Selanjutnya, kedua, proses rekonsililiasi yang dilakukan elite juga mesti dibarengi dengan sikap saling menghormati meski berbeda pandangan.
Mewujudkan rasa saling menghormati juga berarti menciptakan rasa saling percaya di antara mereka. Bahwa perselisihan dan perbedaan dapat diselesaikan dengan terlembaga.
Sebab bila diteliti dengan seksama, fenomena pilpres 2019 telah menjadi puncak rusaknya kohesi struktur lapisan masyarakat. Kerusuhan 22 Mei menjadi bukti konkrit bahwa modal sosial masyarakat yang sejak lama dibangun, runtuh seketika.

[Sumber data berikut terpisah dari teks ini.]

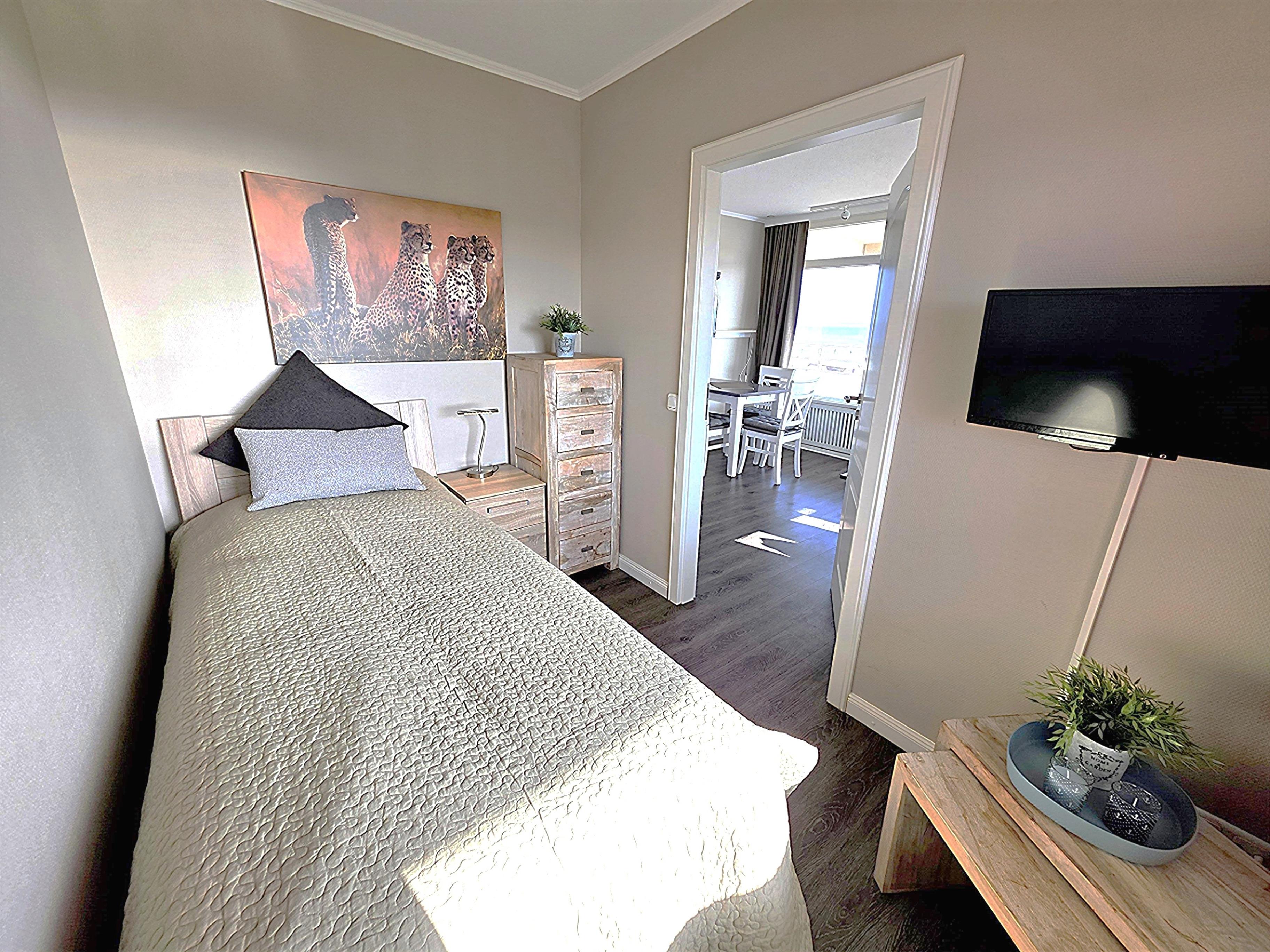 Vom Wohnzimmer gelangen Sie weiter in das separate Kinderzimmer, das über ein Einzelbett und einen Flach-TV verfügt.
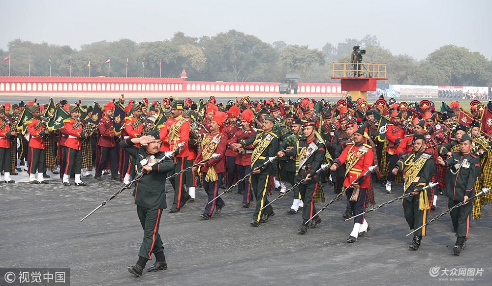 當地時間2019年1月13日,印度新德里,印度士兵參加建軍日帶妝彩排。
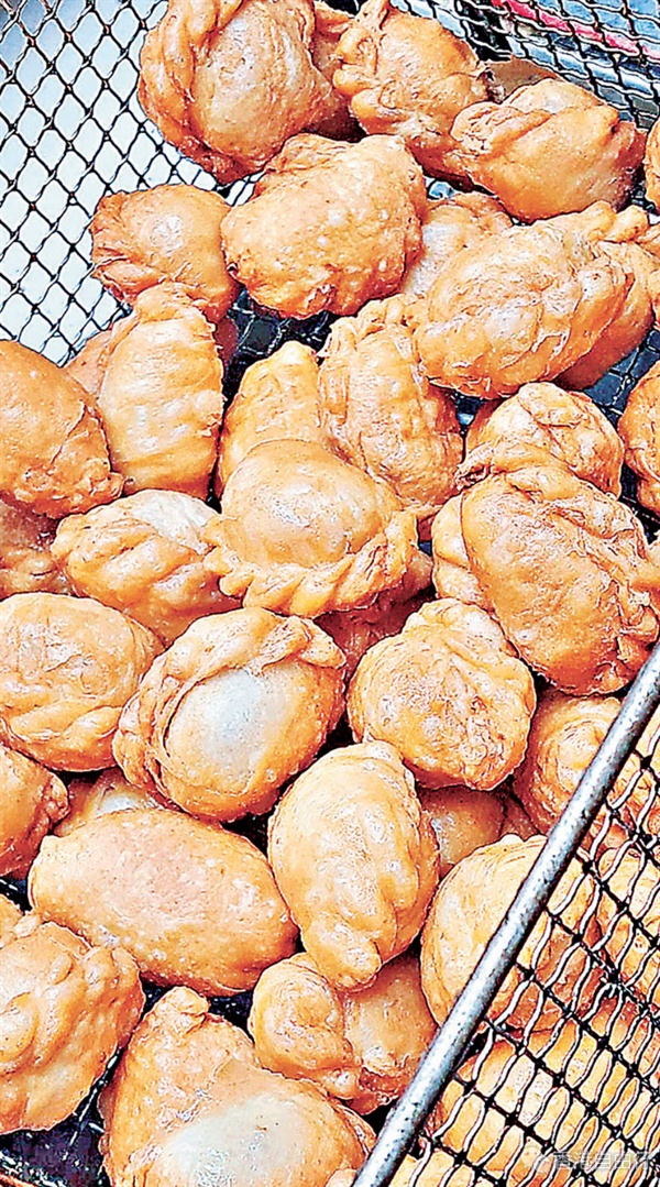 花生酥角、蛋散、糖环、芋虾、九江煎堆、笑口枣等油器品类齐全,当中限定的豆沙角更是刚出炉就遭一扫而空。豆沙角外皮由糯米粉製成,内里选用香甜绵滑的红豆沙馅,经过炸製后,胀卜卜的造型形似荷包,新年寓意财源广进、金银满屋。而生隆饼家出品的豆沙角与别家都不同,师傅在红豆沙馅的分量上作了取捨,豆沙角的内部因为留有一部分空间而自然鼓起,形似一颗鸡蛋,圆润饱满,十分好看。虽然达不到爆馅的程度,但也正好与油炸的糯米外皮中和,达到甜而不腻,令人食过翻寻味。
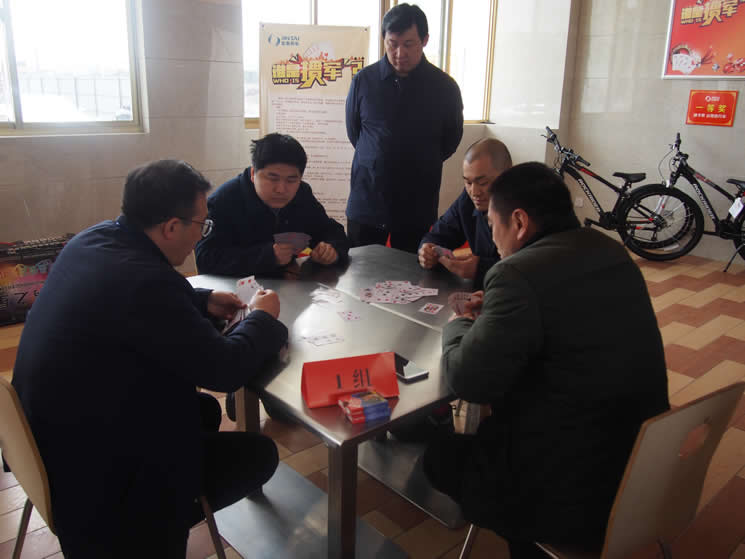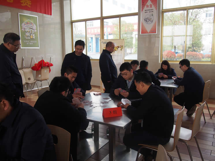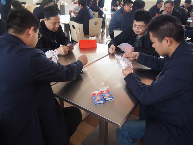 3月23日总经办后勤人员提前做好了现场布置工作,准备好奖品桌椅等,各部门参赛人员在下午纷纷到达活动现场,进行了抽签分组等赛前准备。公司总经理、副总、生技部经理、行政部门经理等作为本次掼蛋比赛的裁判员,就竞赛的要求和注意事项进行了动员。总经理办公室经理周志丹主持了此次掼蛋比赛:在春暖花开的时节,乐鱼在线注册_乐鱼(中国)公司迎来了第一季度文体活动,希望大家本着“友谊第一、比赛第二”的原则,赛出风格,赛出水平,预祝各部门选手取得好成绩。随着一声开始,比赛在紧张而欢乐气氛中拉开序幕。

Ini akibat tiga elemen modal sosial yang disebut Robert Putnam (1993) seperti jaringan informasi, norma, jalinan kepercayaan, yang telah dianut masyarakat bertahun-tahun, direbaki kecurigaan. Tidak ada lagi rasa saling percaya. Sehingga ini berdampak pada proses delegitimasi masyarakat bukan hanya kepada sesama mereka tapi juga terhadap lembaga-lembaga demokrasi.
Dengan adanya sikap saling menghormati di antara elite, ini akan memulihkan kembali modal sosial di masyarakat. Diharapkan, masyarakat tidak lagi menaruh rasa saling curiga. Yang selanjutnya berdampak pada pulihnya kepercayaan mereka pada institusi demokrasi.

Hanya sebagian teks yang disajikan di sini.